Thanks in advance for advice
emil

Eviatar

unread,
Jan 6, 2011, 7:17:46 PM1/6/11
to sage-devel
I was also wondering about this. I think a lightweight binary
distribution without the entire devel directory could be useful (of
course as an alternative to the existing binary download). It would
decrease the download size dramatically.

I imagine that the reason this is not done is so development is "at
hand" to any user, and so there would be more chance of them
contributing. I think this is true. After all, most users, given a
choice of a normal version and a developer version which is double the
size, would probably download the former.

Robert Bradshaw

unread,
Jan 6, 2011, 8:43:21 PM1/6/11
to sage-...@googlegroups.com
On Thu, Jan 6, 2011 at 4:17 PM, Eviatar <eviat...@gmail.com> wrote:
> I was also wondering about this.
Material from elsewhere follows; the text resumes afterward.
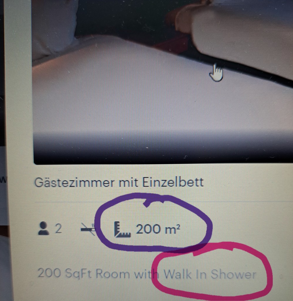 Ein Einzelzimmer mit 200 qm – auch nicht schlecht! Und dann auch noch eine Hineingeh-Dusche! –//– Mit der eigenen Rechtschreibung stehen die Briten zwischendurch auch auf Kriegsfuß.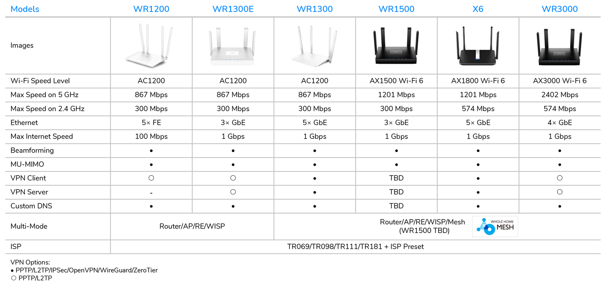 Model WR1200 oferuje stabilne połączenia, doskonałą prędkość i szeroki zasięg Wi-Fi, jest idealny do zastosowań domowych oraz kusi użytkowników swoją ceną. WR1300 zapewnia dodatkowo zaawansowane funkcje, takie jak server VPN, które zwiększają bezpieczeństwo sieci bezprzewodowej. Natomiast model WR3000 charakteryzuje się niezwykłą prędkością w pasmach 5Ghz i 2,4Ghz. X6 natomiast łączy w sobie funkcje wysokowydajnego routera, punktu dostępowego, repeatera i sieci mesh, zapewniając elastyczność i lepsze pokrycie sygnałem Wi-Fi.

I think a lightweight binary
> distribution without the entire devel directory could be useful (of
> course as an alternative to the existing binary download). It would
> decrease the download size dramatically.

Note that you can't just get rid of the the devel directory, as that's
where the compiled files sit as well as the sources. There's a lot of
hard and symbolic links laying around. Having the source around is
important for debugging and tracebacks (not just for development).

> I imagine that the reason this is not done is so development is "at
> hand" to any user, and so there would be more chance of them
> contributing. I think this is true.

+1, which has been essential to getting Sage where it is.

> After all, most users, given a
> choice of a normal version and a developer version which is double the
> size, would probably download the former.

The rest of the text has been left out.